Jurisdictional Objection
[7] In short, the Respondent submits that the Application is without jurisdiction because:
(a) the Application is brought in relation to or on behalf of agency workers who are not covered by the Agreement and are therefore unable to access the disputes clause (the Disputes Clause); and/or
(b) if the Application is brought in the UWU’s own name, this is not permitted by the Disputes Clause; and/or
(c) even if the Disputes Clause can be enlivened by the Agency Workers or the UWU (which Coles expressly denies), neither the Agency Workers nor the UWU have complied with steps set out in the Disputes Clause required to be completed before referring the dispute to the Commission.
[8] Accordingly, the Respondent asserts that the Commission not authorised under any provision contained in the Act to deal with the dispute 1 and should be dismissed pursuant to s.587(1)(a) of the Act.
[9] The Applicant contends that:
(a) Coles employees covered under the Agreement have initiated a dispute which arises about a matter under the Agreement;
(b) all steps of the Dispute Clause required to be completed prior to a dispute being referred to the Commission have been complied with; and
(c) pursuant to the Dispute Clause, the Commission is now empowered to hear the dispute and if necessary, exercise its arbitral powers.
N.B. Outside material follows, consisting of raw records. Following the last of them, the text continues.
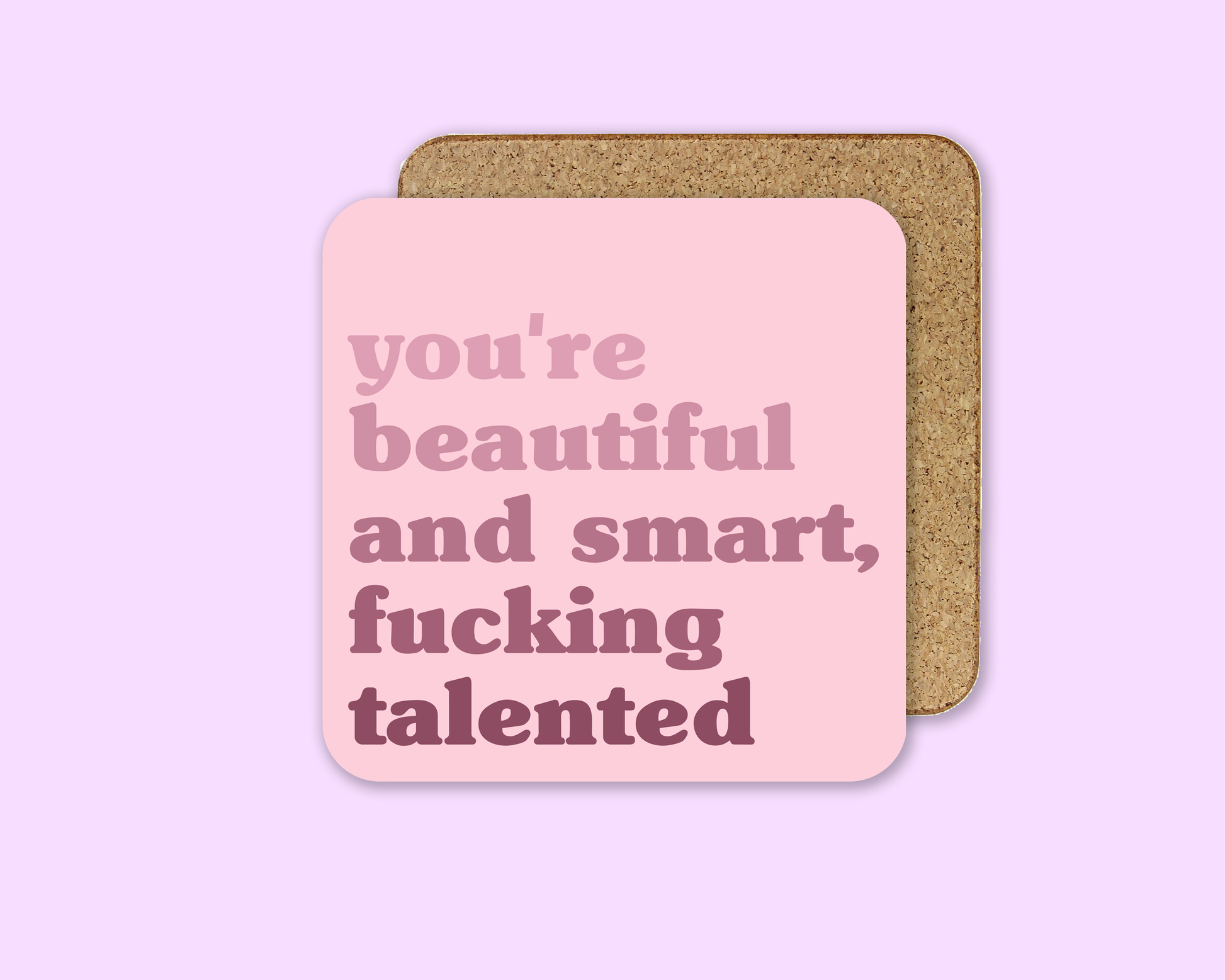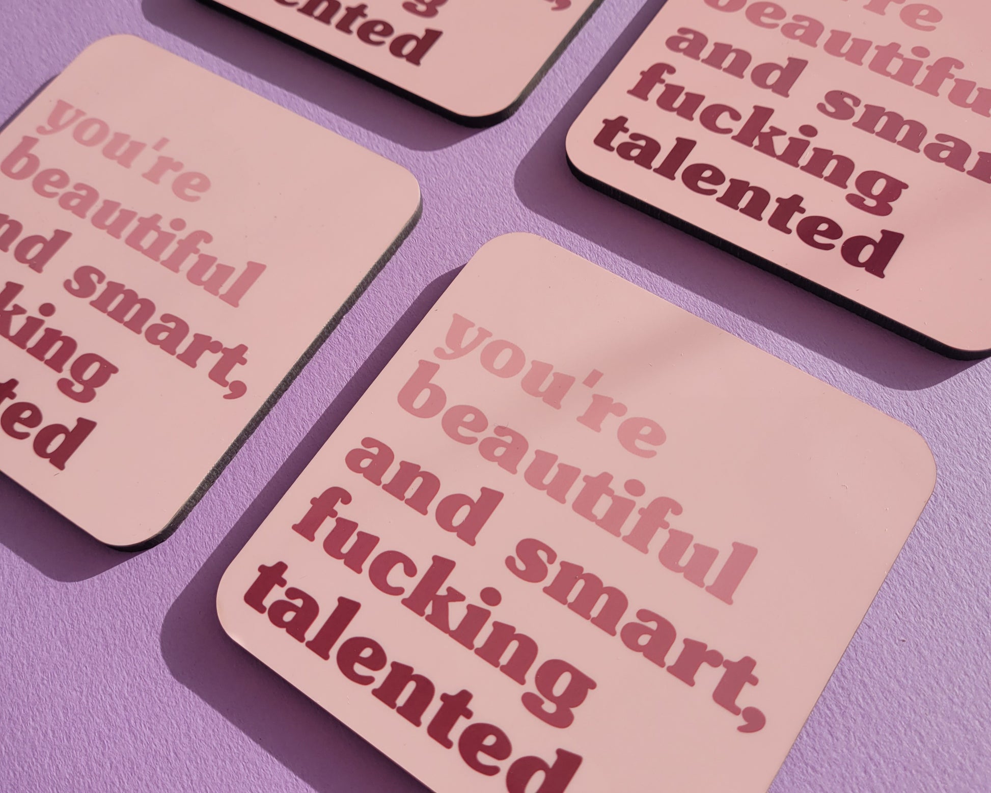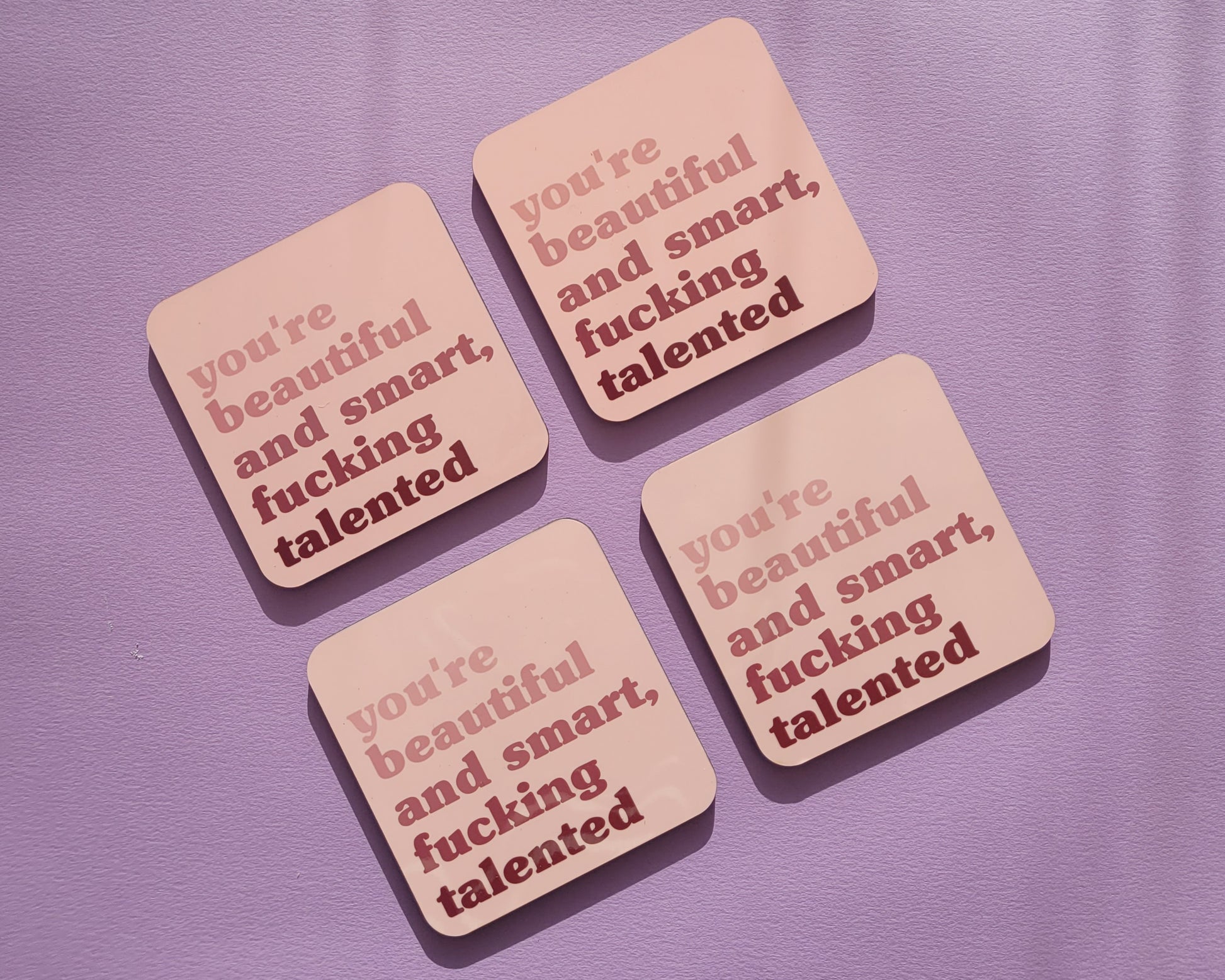 Introducing the "You're Beautiful and Smart, Fucking Talented" Coaster inspired by the empowering and uplifting spirit of Lizzo. This coaster not only serves as a functional piece for your beverage but also delivers a daily dose of confidence and positivity with its bold and empowering message.
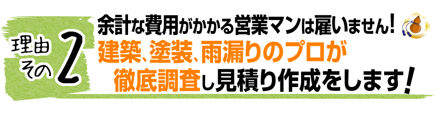 営業マンを雇わないことで、余計な人件費がかからないので、低価格で施工することが可能です。
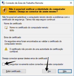 4 – Caso apareça detalhes do certificado da maquina de destino  basta marcar “Não perguntar novamente sobre conexões com este computador” em seguida clicar em SIM
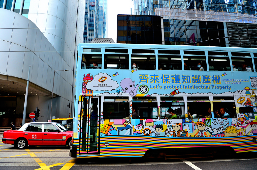지적재산권을 보호하자는 문구를 단 트램을 장식한 그림들이 재미있게 다가온다.
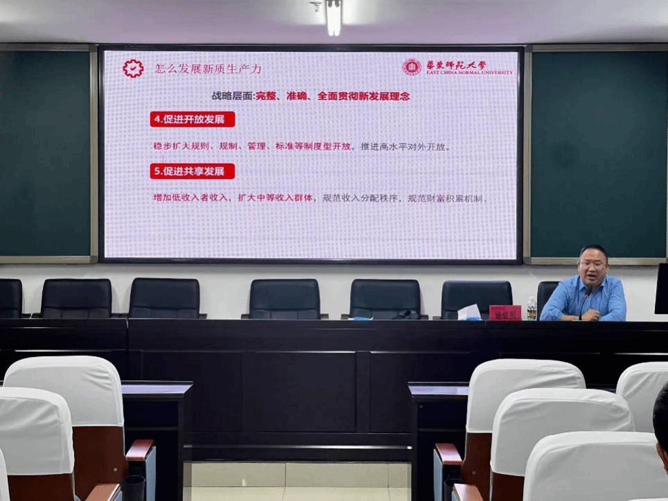 2025年5月10日下午3:30, 应学院邀请,华东师范大学德赢AC米兰中国官方网站副院长速继明教授在社科楼A309为师生作“加快发展新质生产力 扎实推进高质量发展”的学术讲座。讲座由德赢AC米兰中国官方网站王善副院长主持,学院部分教师、硕博学生参加了本次讲座。
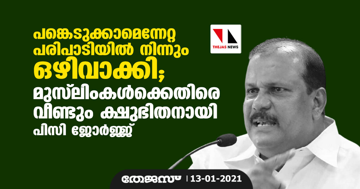 പങ്കെടുക്കാമെന്നേറ്റ പരിപാടിയില് നിന്നും ഒഴിവാക്കി; മുസ്ലിംകള്ക്കെതിരേ വീണ്ടും ക്ഷുഭിതനായി പി സി ജോര്ജ്ജ്
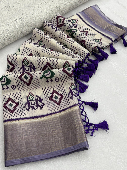 View full detailsCelebrate traditional artistry with this ivory ikat silk saree, showcasing exquisite woven motifs of elephants, birds, and geometric patterns in na...
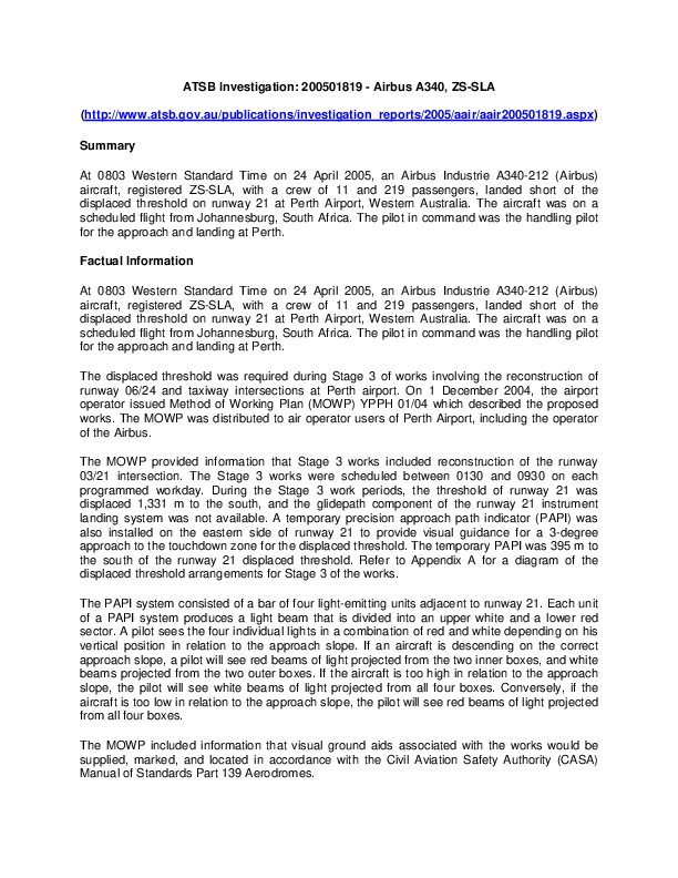 On 24 April 2005, an Airbus A340-200 landed short of the temporarily displaced runway threshold at Perth in good daylight visibility despite their prior awareness that there was such a displacement. The Investigation concluded that the crew had failed to correctly identify the applicable threshold markings because the markings provided were insufficiently clear to them and probably also because of the inappropriately low intensity setting of the temporary PAPI. No other Serious Incidents were reported during the same period of runway works.
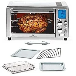 This impressive 9-in-1 air fryer can literally replace your countertop convection oven! It features 5 all-over heating elements which perfectly resemble a commercial-quality oven.
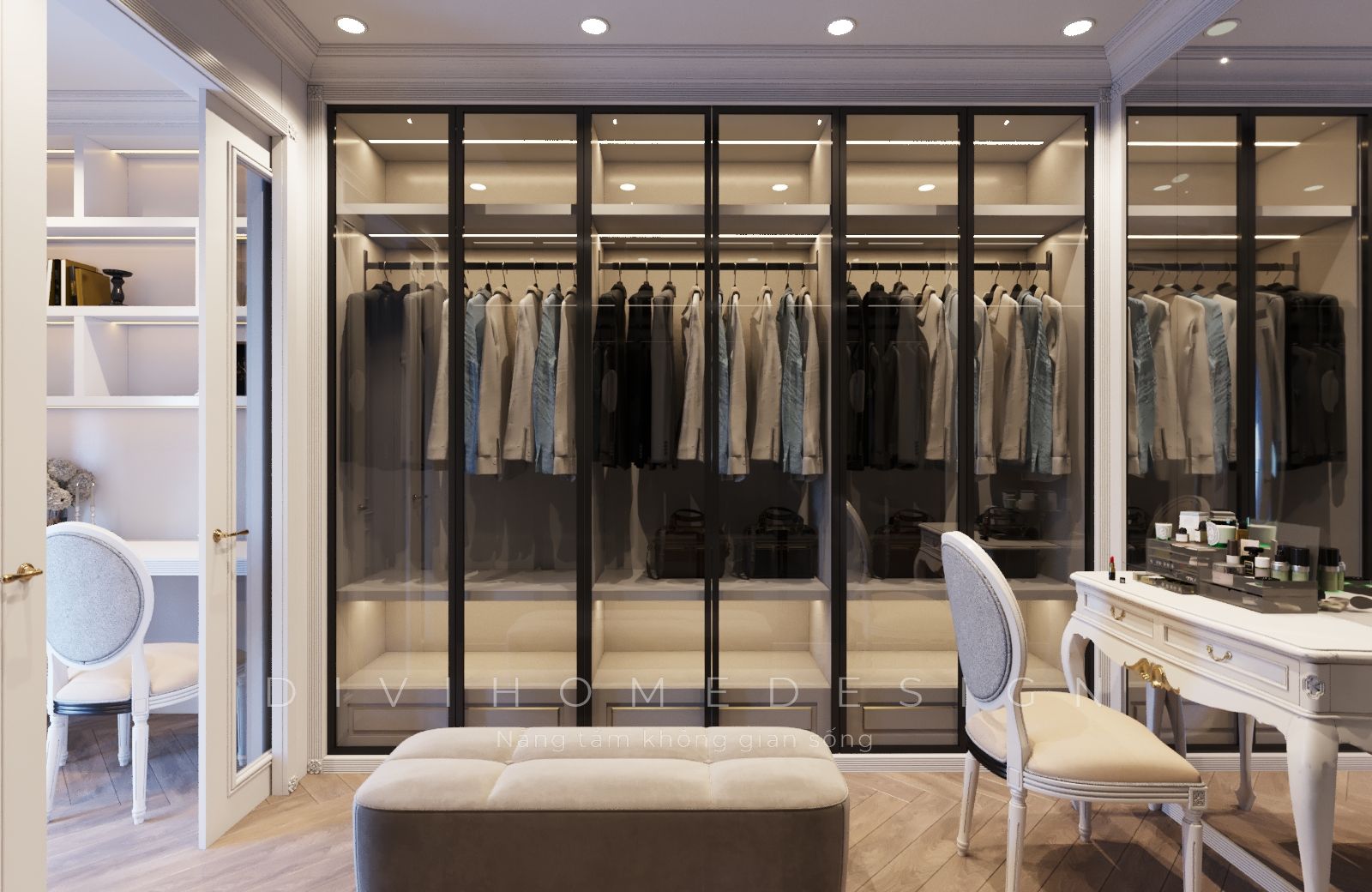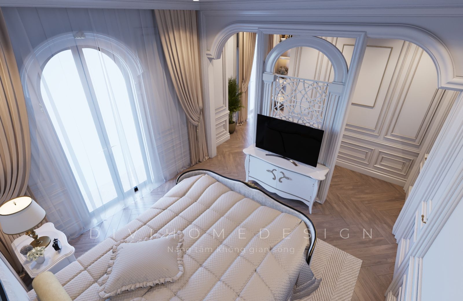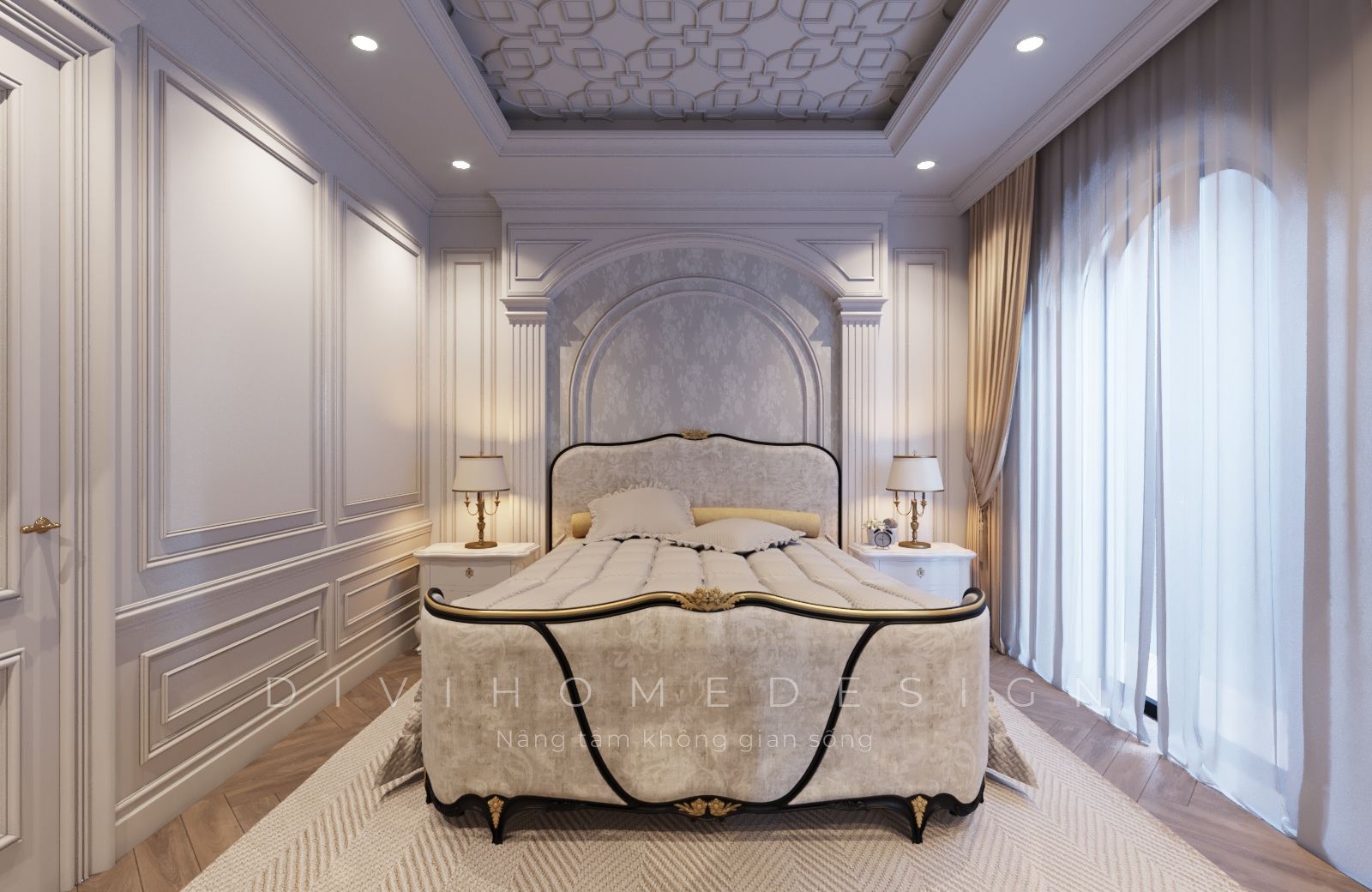 Nội thất phòng ngủ như tái hiện không gian nghỉ ngơi của quý tộc xưa. Tông màu trắng xám nền nã kết hợp ánh sáng đèn vàng dịu dàng. Chiếc giường lớn bọc nhung êm ái có họa tiết trang trí đẹp mắt. Các đồ dùng nội thất khách được bố trí đối xứng quanh tâm giường ngủ vô cùng gọn gàng. Yếu tố công năng và thẩm mỹ được cân bằng hài hòa tạo nên một phòng nghỉ vô cùng thoải mái và thư giãn dành cho gia chủ.
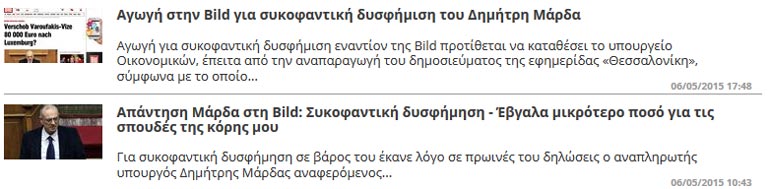 Την Παρασκευή 15/05/2015 ο Αναπληρωτής Υπουργός Οικονομικών, Δημήτρης Μάρδας, προσέφυγε στη Δικαιοσύνη κατά της Γερμανικής εφημερίδας «Bild», για την «αποκατάσταση της αλήθειας, της τιμής και υπόληψής του, από την παράνομη και υπαίτια προσβολή της προσωπικότητας που υπέστη» με το ψευδές δημοσίευμα της εφημερίδας, που τον ονομάτιζε ως τον πολιτικό που δήθεν μετέφερε 80.000 ευρώ στο Λουξεμβούργο.

The Respondent’s submissions
The Agency Workers are not covered by the Agreement
[10] The Respondent firstly argues that the Application has been brought by the Union on behalf of agency employees in circumstances where the Agreement does not have a mechanism for the Union to represent Agency employees. There are two clauses that the Applicant raises regarding job security and an attempt to undercut the ‘site rates’ under the Agreement, that the Respondent says is a way to ‘fit the dispute’ into the current circumstances. The Respondent argues that the Agency employees are not able to utilise the Disputes Clause and, although the UWU may be able to represent the workers in another forum, they do not have that power through the Agreement.
[11] It is not in dispute that the affected workers are not employees of Coles, they are Agency casuals employed by APS who work at the site where the Agreement has effect.
[12] Section 50 of the Act provides that an employee is covered by an Agreement if the Agreement states that the Agreement covers the employee. An Agreement can only be entered into with employees of the Employer. 2 It is therefore not possible for the Agreement to cover employees of an employer who is not covered by the Agreement. It follows that the APS employees, and the UWU as their representative, have no capacity to make a claim under the Disputes Clause, or otherwise to enforce a term of the Agreement.
[13] The Respondent further submits that clause 1 of the Agreement states that it covers “all wages-paid Team Members as described in clause 6 of this Agreement, whether members of the Union or not, whose employment is at any time when the Agreement is in operation subject to this Agreement”. In light of ss.50 and 172(2) of the Act, an employee of APS cannot be covered or subject to the Agreement and therefore cannot be considered to meet the definition of “Team Member(s)”, which is defined in the Agreement as, “operational wages-paid Team Members employed by Coles at the Parkinson CDC…”.
[14] The APS employees located on the Coles site in question are governed by a separate Industrial Agreement and if there was a dispute the relevant procedure in the Disputes Clause would then apply. It is not possible for an Agency casual to comply with the Disputes Clause in the Coles Agreement as the escalation levels are through Coles employees and supervisors and managers.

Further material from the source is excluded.